Information shown
-*-*-

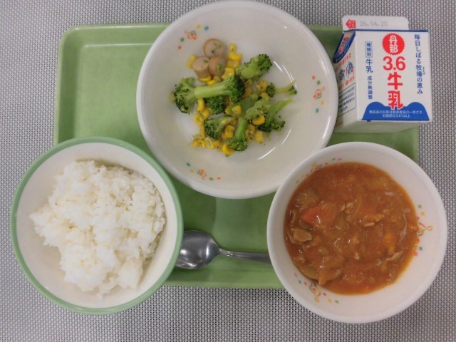 (4月13日) ごはん ハヤシライスソース ぎゅうにゅう ブロッコリーのソテー
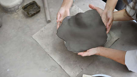 Top view, Two female making a clay pottery together, moulding clay with hands. Creative activities workshop concept.
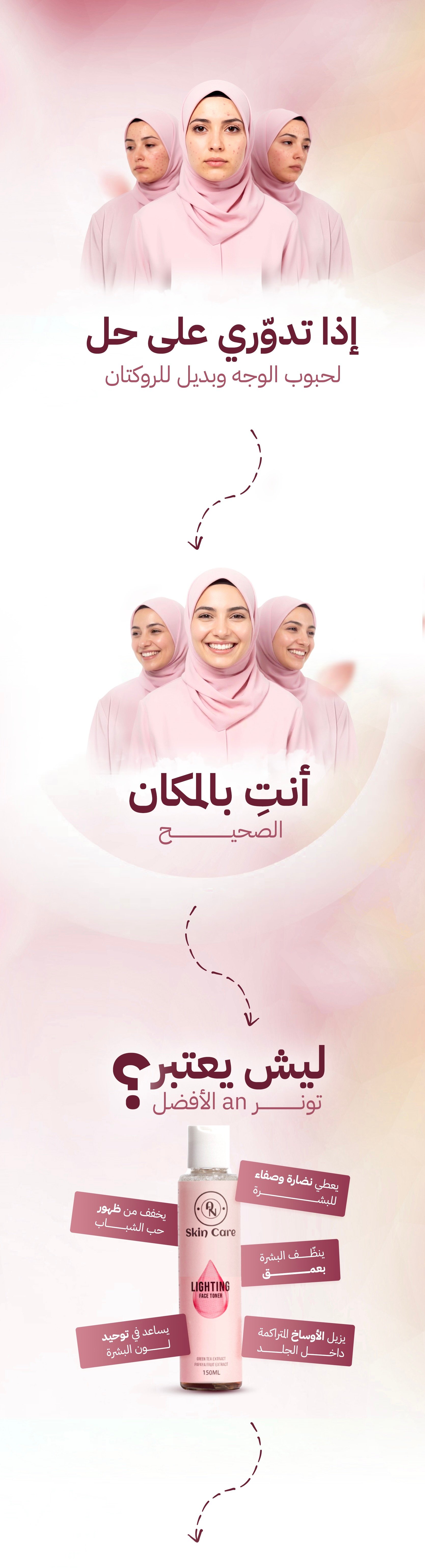 ملاحظة : عند النوم! بالإمكان ترك التونر على الوجه دون الغسل والنوم به ثم غسله صباحًا وترطيبه بعد ذلك.

-*-*-

Exercise description
When copying the material, leave every image behind and keep each line verbatim.

Response
 (4月13日) ごはん ハヤシライスソース ぎゅうにゅう ブロッコリーのソテー
 Top view, Two female making a clay pottery together, moulding clay with hands. Creative activities workshop concept.
 ملاحظة : عند النوم! بالإمكان ترك التونر على الوجه دون الغسل والنوم به ثم غسله صباحًا وترطيبه بعد ذلك.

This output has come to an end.